AECD monitoring is safe and likely results in earlier defibrillation than standard telemetry monitoring.
National Institutes of Health registration ID: NCT00382928
In-hospital cardiac arrest has a poor prognosis despite active electrocardiography monitoring. Part of the poor prognosis may be explained by slow response to a lethal arrhythmia. The National Registry of Cardiopulmonary Resuscitation (NRCPR) has reported delayed defibrillation, which was defined as greater than 2 minutes, in more than 30% of cases of in-hospital cardiac arrest. This delay in defibrillation resulted in significantly lower probability of surviving to hospital discharge.
The initial rhythm in about 25% of in-hospital cardiac arrest is ventricular tachycardia or fibrillation (VT/VF). Early provision of good quality CPR and rapid defibrillation have the highest impact on survival for the victims of VT/VF cardiac arrest. Early defibrillation is an independent predictor of survival in CPR events caused by VT/VF.[4, 5] Delay in provision of defibrillation for 10 minutes renders CPR ineffective. Each minute of delay in defibrillation increases the likelihood of death by 7% to 10% in cardiac arrest. If defibrillation is provided within 3 minutes in in-hospital cardiac arrest, 38% survival to discharge is reported versus 21%, if defibrillation is provided after 3 minutes. Addressing this delay, a program encouraging early defibrillation using automated external defibrillators (AED) in the hospital resulted in a 14-fold increase in survival for VT/VF cardiac arrest.

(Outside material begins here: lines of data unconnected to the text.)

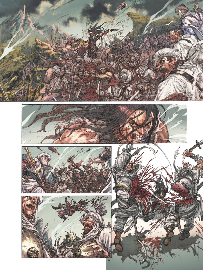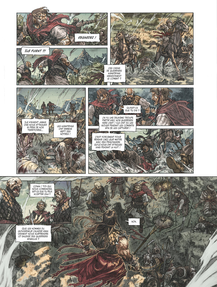 Présentation La vengeance est un art Au royaume de Vendhya, alors que le roi vient de mourir terrassé par les sortilèges des prophètes noirs de Yimsha, sa sœur, Yasmina, décide de le venger… Elle décide, pour s’en charger, de prendre contact avec Conan, alors chef de tribu afghuli. Mais tandis que plusieurs de ses guerriers viennent d’être tués par les hommes du royaume de Vendhya, celui-ci a d’autres plans en tête. La princesse croyait pouvoir se servir du cimmérien, c’est plutôt elle qui servira ses intérêts... Sylvain Runberg et le prodigieux dessinateur Jae Kwang adaptent l’un des récits les plus ambitieux et les plus complexes de Robert E. Howard. Une aventure où combatsépiques, sorcellerie et complots se mêlent dans un Orient fantasmé, mystique et angoissant. Afficher moinsAfficher plus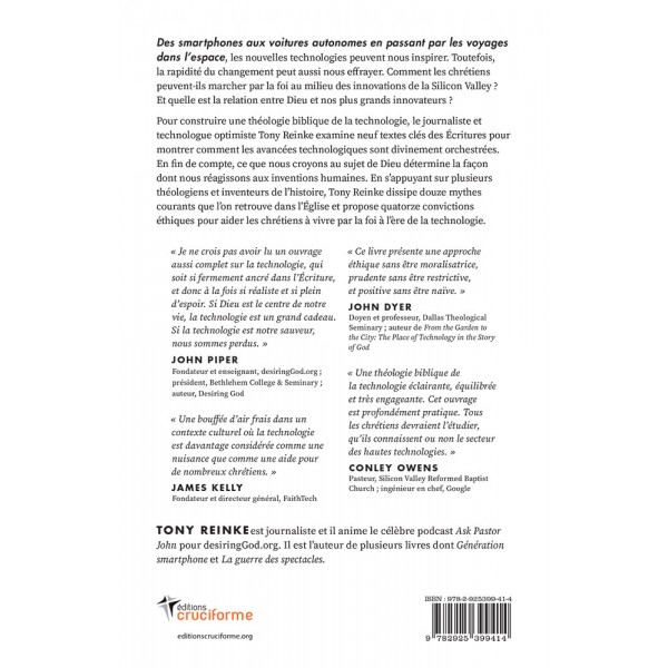 Pour construire une théologie biblique de la technologie, le journaliste et technologue optimiste Tony Reinke examine neuf textes clés des Écritures pour montrer comment les avancées technologiques sont divinement orchestrées. En fin de compte, ce que nous croyons au sujet de Dieu détermine la façon dont nous réagissons aux inventions humaines. En s’appuyant sur plusieurs théologiens et inventeurs de l’histoire, Tony Reinke dissipe douze mythes courants que l’on retrouve dans l’Église et propose quatorze convictions éthiques pour aider les chrétiens à vivre par la foi à l’ère de la technologie.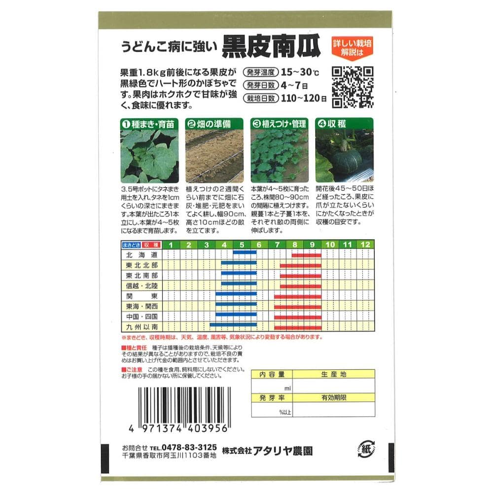 ●掲載のパッケージ画像(表側・裏側)に記載されている蒔き時期、収穫時期、発芽適温、発芽率、品種特長、その他注意事項をよくご確認の上、ご注文ください。

Automated External Cardioverter Defibrillator (AECD; The PowerHeart CRM, Cardiac Science Inc., Seattle, WA) is a device attached to the chest wall by pads, monitors the electrocardiogram, and is capable of automatically delivering electric countershock to appropriate rhythms without operator intervention. Automated external cardioverter defibrillators have been studied in a few nonrandomized clinical trials. [7–9] They performed with a sensitivity of 100% and a specificity of 98.8% in a study conducted in the United States (n = 79) and a sensitivity of 100% and a specificity of 97.6% in an European study (n = 117).[7, 8] We designed the current randomized trial to test the safety of AECDs in hospitalized patients and the performance compared to standard telemetry response.
This study is a single center, randomized, prospective, trial in which, all patients admitted to the emergency department and telemetry unit of the Atlanta Veterans Affairs Medical Center (AVAMC), Decatur, Georgia are screened. Patient recruitment started in October 2006. Inclusion and exclusion criteria are presented in Table 1. Patients consenting to participate in the study are randomized to either standard electrocardiographic telemetry or standard telemetry augmented by AECD monitoring (Figure 1). Patients randomized to AECD monitoring have the AECD attached for the duration of their hospitalization while undergoing simultaneous telemetry monitoring. A log book is used to record the time of AECD attachment and to record whenever the AECD is detached from the patient. The AECD is programmed to deliver a single 150 Joule shock to VT/VF rhythms presenting above the rate of 170 beats per minute, after a 30 second delay. Study enrollment terminates when telemetry is discontinued. The primary endpoint is time-to-defibrillation in VT/VF cardiac arrest. The AECDs have the ability to measure the precise time of initiation of cardiac arrhythmias and of delivery of defibrillation. The secondary outcomes are survival to discharge and cerebral outcomes as measured by cerebral performance category scale (Table 2). Patients who survive cardiac arrest while participating in the trial will be followed for a period of three years for survival, internal cardioverter defibrillator (ICD) placement and cerebral performance. The Emory University Institutional Review Board (IRB) and the AVAMC Research and Development Committee approved the study.
Demographic and arrest data is collected according to Utstein guidelines and stored in a database designed with Microsoft access software (Microsoft Inc., Redmond, WA).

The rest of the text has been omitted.